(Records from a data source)
************

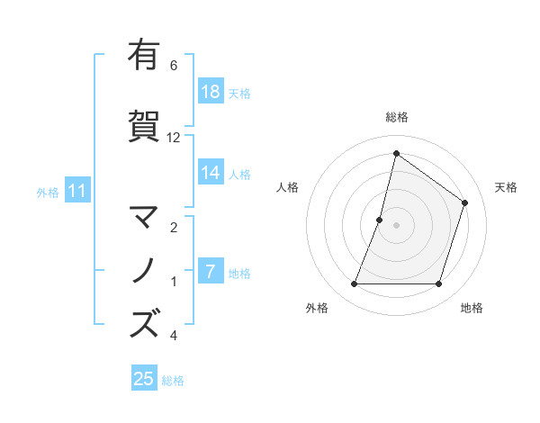 有賀 マノズさんを姓名の画数から五運を鑑定
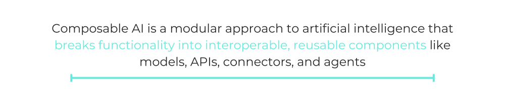 Composable AI is a modular approach to artificial intelligence that breaks functionality into interoperable, reusable components like models, APIs, connectors, and agents.
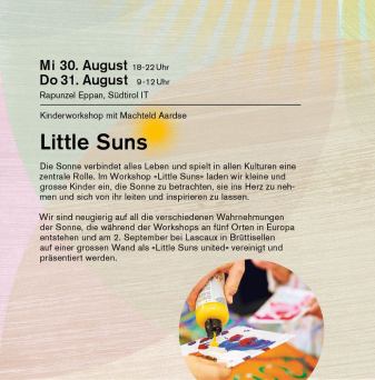 und sich von ihr leiten und inspirieren zu lassen.Wir sind neugierig auf all die verschiedenen Wahrnehmungen der Sonne, die während der Workshops an fünf Orten in Europa entstehen und am 2. September bei Lascaux in Brüttisellen auf einer grossen Wand als «Little Suns united» vereinigt und präsentiert werden.
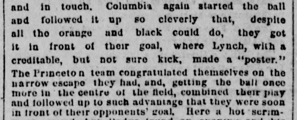 Our next known poster came during the 1879 Yale-Columbia game when Harding of Yale scored a touchdown, and posted the ensuing try at goal.
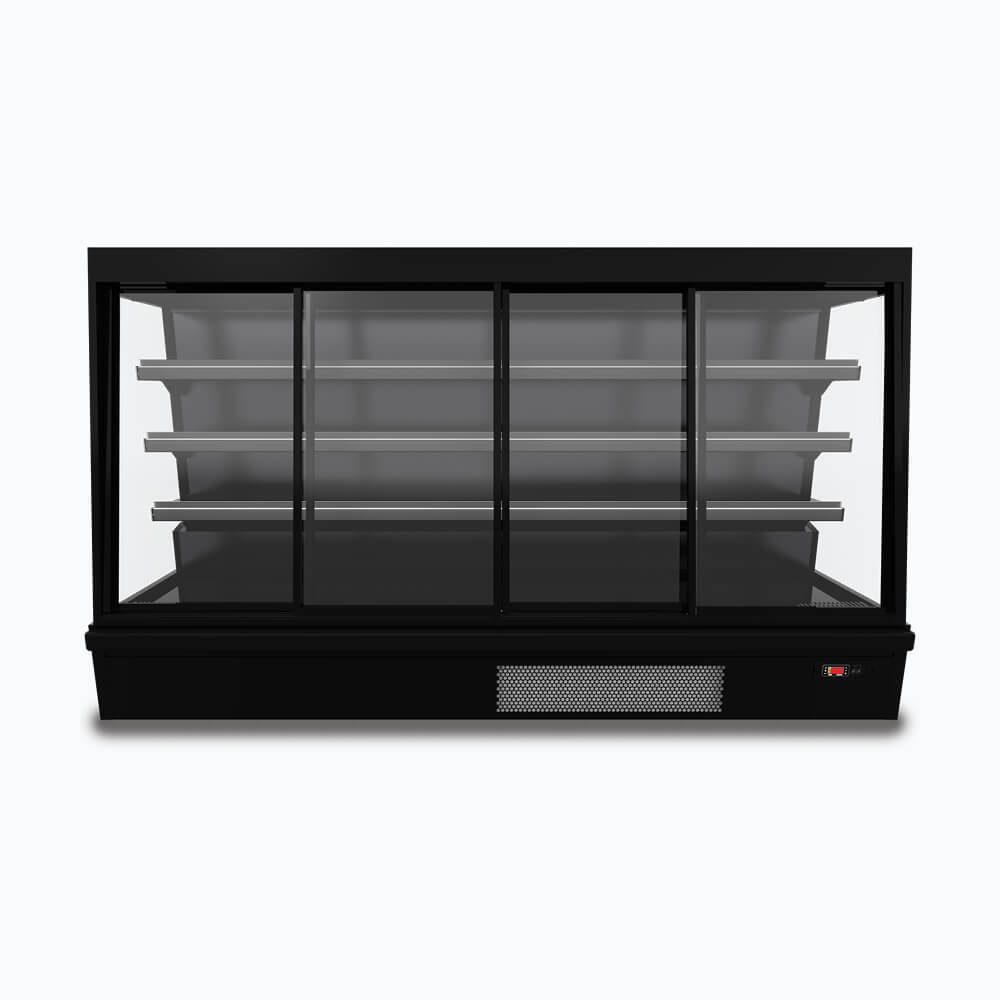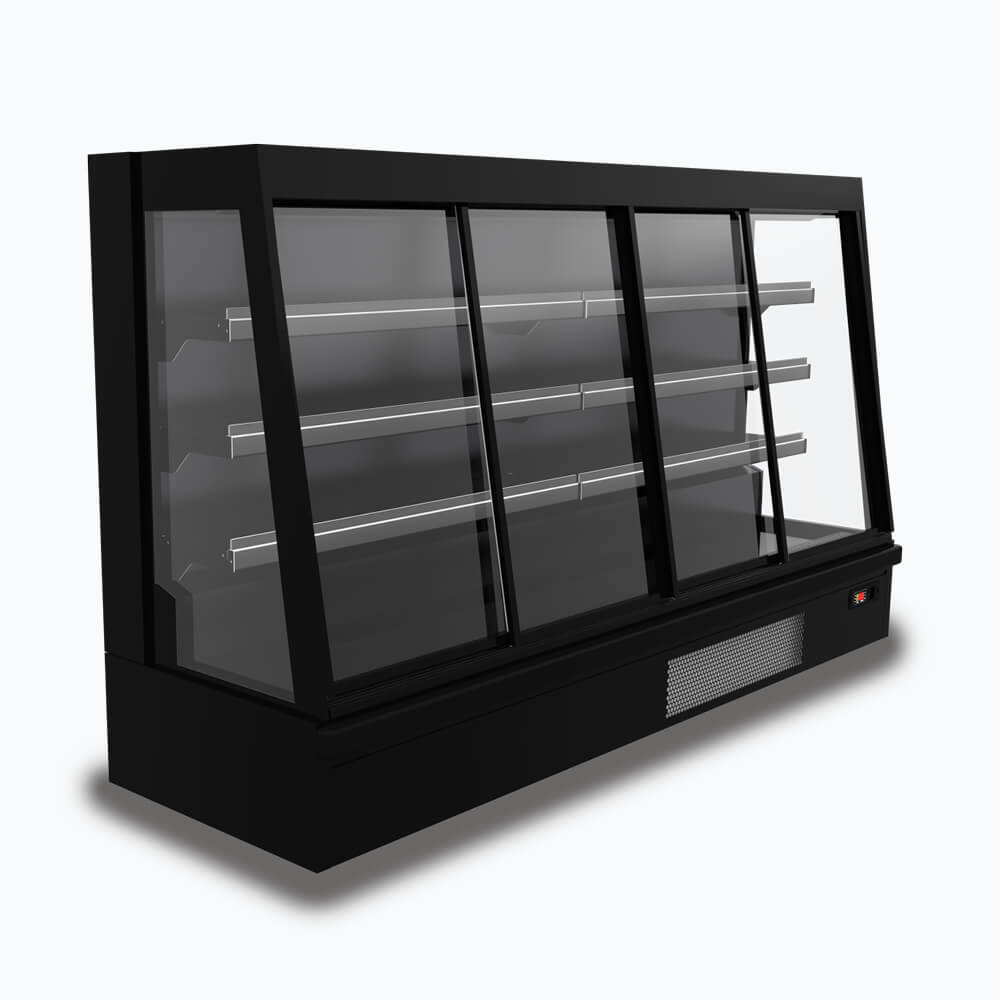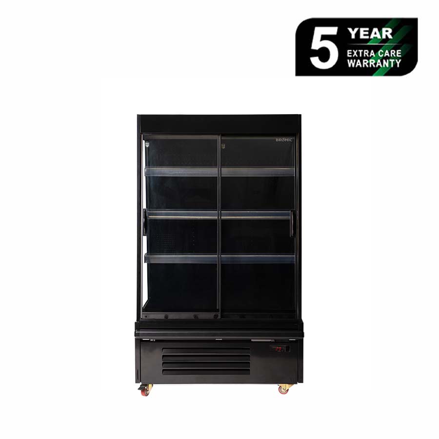 Bromic Two Sliding Doors, 938mm, 332Lt Semi Vertical Multideck Display Fridge. Finished in Black. (10A)
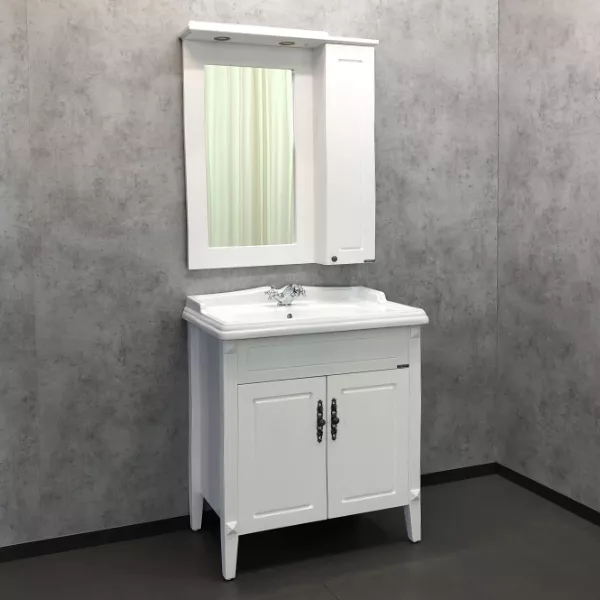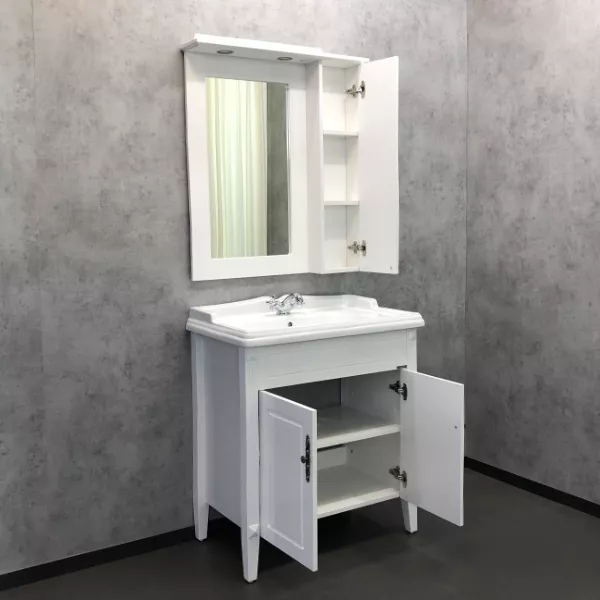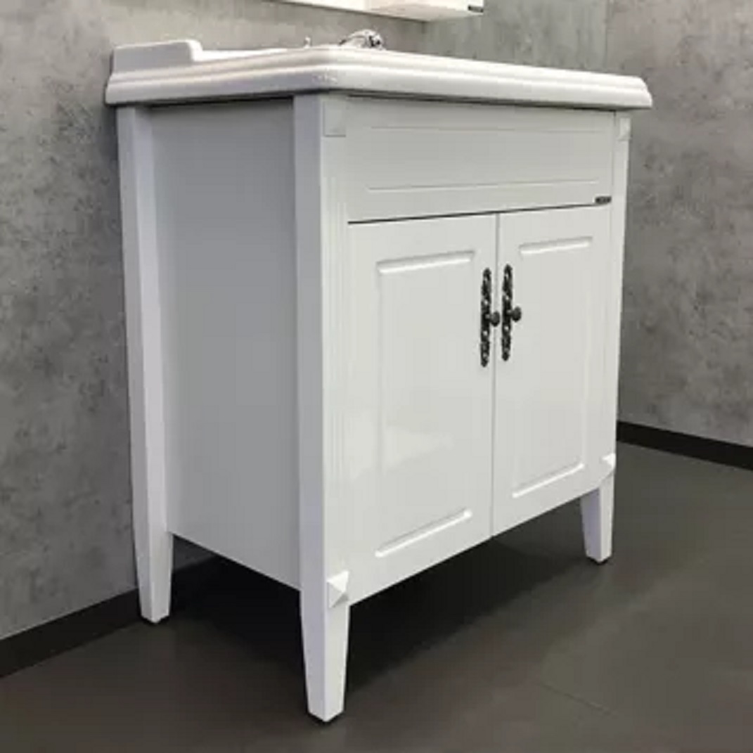 - Напольная тумба с двумя распашными створками, оснащенными петлями с плавным закрыванием. Корпус и фасады из МДФ покрыты белой глянцевой эмалью. Ножки из массива натурального дерева. Тумба подготовлена для подключения водоснабжения снизу. Габариты ШхВхГ: 800*880*490 мм
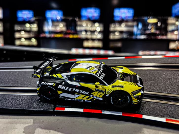 ¡El Doctor llega a las pistas de carreras! Revive la transición legendaria de Valentino Rossi de las dos a las cuatro ruedas con este espectacular Audi R8 LMS GT3 Evo II de la serie Carrera GO. En escala 1:43 y con su icónico número 46, este modelo captura todos los detalles del coche que Rossi pilotó en las competiciones GT. Perfecto para jóvenes pilotos desde 6 años y la emoción de seguir los pasos de una leyenda del motor.
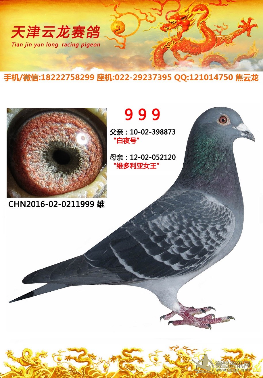 鸽子名称: 足环:2016-02-0211999 性别:♂雄鸽 眼别:砂 羽色:黑斑 年代:2016 血统:詹森×考夫曼 作育者:焦云龙
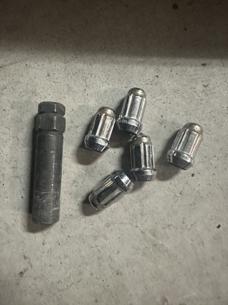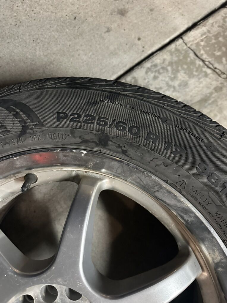 Venmo225/60R17 Wheel and Tire with Lug Nuts And Key. This tire was used as a spare tire. It has 2 lug patterns the big one is 5x4.5” the small one is 5x4”. It comes with 5 slotted lug nuts and the key. The tread is in great shape.
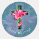 Impresionantes pegatinas de Bendiciones de Pascua con hermosas flores rosadas de Hibiscus superpuestas con cruz de borde azul con tonos tropicales. También puedes disfrutar de los muchos diseños de cruces de hibiscos cristianos disponibles en mi tienda. Fotografía original y diseño de Anura Design Studio.
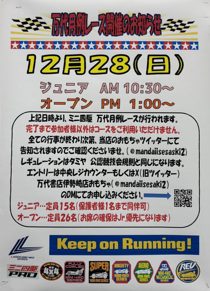 #ミニ四駆 今年最後の月例レース!ジュニア、オープンクラスともにまだお席あります😊お時間ある方はぜひご参加ください🙇♀️ エントリーは店頭・DM…
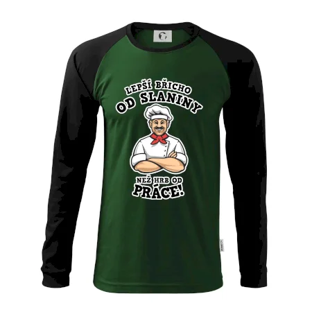 Dobře se najíst je základ, pak i ta práce jde dobře od ruky. Triko pro kuchaře, na kterém kuchař a nápis "Lepší triko od slaniny, než hrb od práce!", je vhodný dárek pro kuchaře. Kuchařské triko potěší každého kuchaře, který miluje vaření.
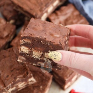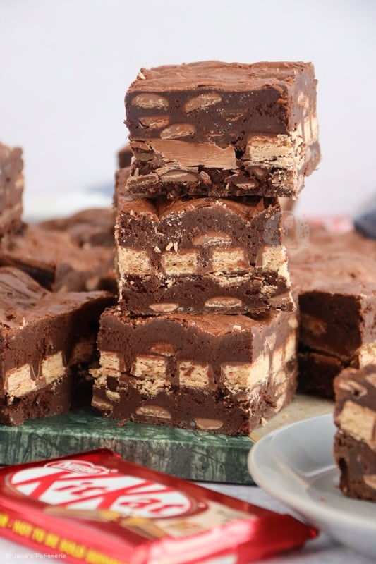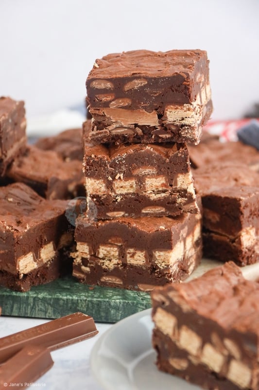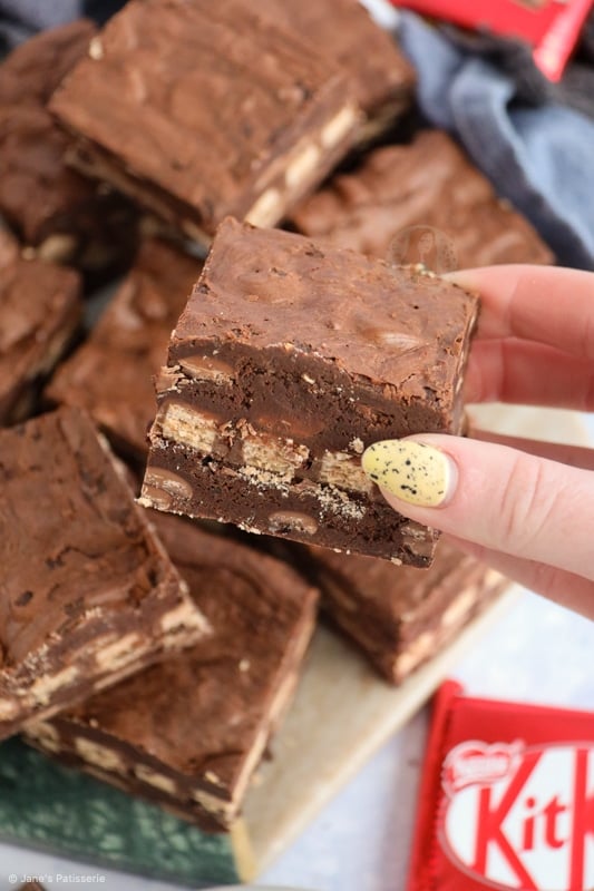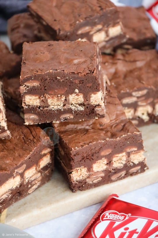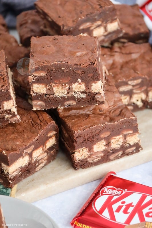 I was worried the brownies would be overdone as they didn’t wobble after the 25 minutes. However, they were lovely and gooey in the middle with a nice slight crinkled layer on top. They kept so well for a week and smelled divine! I loved the layer of KitKats which came through in each bite. Thank you so much for this recipe.

************

The response consists of the data above printed line for line, with no pictures.

 有賀 マノズさんを姓名の画数から五運を鑑定
 Composable AI is a modular approach to artificial intelligence that breaks functionality into interoperable, reusable components like models, APIs, connectors, and agents.
 und sich von ihr leiten und inspirieren zu lassen.Wir sind neugierig auf all die verschiedenen Wahrnehmungen der Sonne, die während der Workshops an fünf Orten in Europa entstehen und am 2. September bei Lascaux in Brüttisellen auf einer grossen Wand als «Little Suns united» vereinigt und präsentiert werden.
 Our next known poster came during the 1879 Yale-Columbia game when Harding of Yale scored a touchdown, and posted the ensuing try at goal.
 Bromic Two Sliding Doors, 938mm, 332Lt Semi Vertical Multideck Display Fridge. Finished in Black. (10A)
 - Напольная тумба с двумя распашными створками, оснащенными петлями с плавным закрыванием. Корпус и фасады из МДФ покрыты белой глянцевой эмалью. Ножки из массива натурального дерева. Тумба подготовлена для подключения водоснабжения снизу. Габариты ШхВхГ: 800*880*490 мм
 ¡El Doctor llega a las pistas de carreras! Revive la transición legendaria de Valentino Rossi de las dos a las cuatro ruedas con este espectacular Audi R8 LMS GT3 Evo II de la serie Carrera GO. En escala 1:43 y con su icónico número 46, este modelo captura todos los detalles del coche que Rossi pilotó en las competiciones GT. Perfecto para jóvenes pilotos desde 6 años y la emoción de seguir los pasos de una leyenda del motor.
 鸽子名称: 足环:2016-02-0211999 性别:♂雄鸽 眼别:砂 羽色:黑斑 年代:2016 血统:詹森×考夫曼 作育者:焦云龙
 Venmo225/60R17 Wheel and Tire with Lug Nuts And Key. This tire was used as a spare tire. It has 2 lug patterns the big one is 5x4.5” the small one is 5x4”. It comes with 5 slotted lug nuts and the key. The tread is in great shape.
 Impresionantes pegatinas de Bendiciones de Pascua con hermosas flores rosadas de Hibiscus superpuestas con cruz de borde azul con tonos tropicales. También puedes disfrutar de los muchos diseños de cruces de hibiscos cristianos disponibles en mi tienda. Fotografía original y diseño de Anura Design Studio.
 #ミニ四駆 今年最後の月例レース!ジュニア、オープンクラスともにまだお席あります😊お時間ある方はぜひご参加ください🙇♀️ エントリーは店頭・DM…
 Dobře se najíst je základ, pak i ta práce jde dobře od ruky. Triko pro kuchaře, na kterém kuchař a nápis "Lepší triko od slaniny, než hrb od práce!", je vhodný dárek pro kuchaře. Kuchařské triko potěší každého kuchaře, který miluje vaření.
 I was worried the brownies would be overdone as they didn’t wobble after the 25 minutes. However, they were lovely and gooey in the middle with a nice slight crinkled layer on top. They kept so well for a week and smelled divine! I loved the layer of KitKats which came through in each bite. Thank you so much for this recipe.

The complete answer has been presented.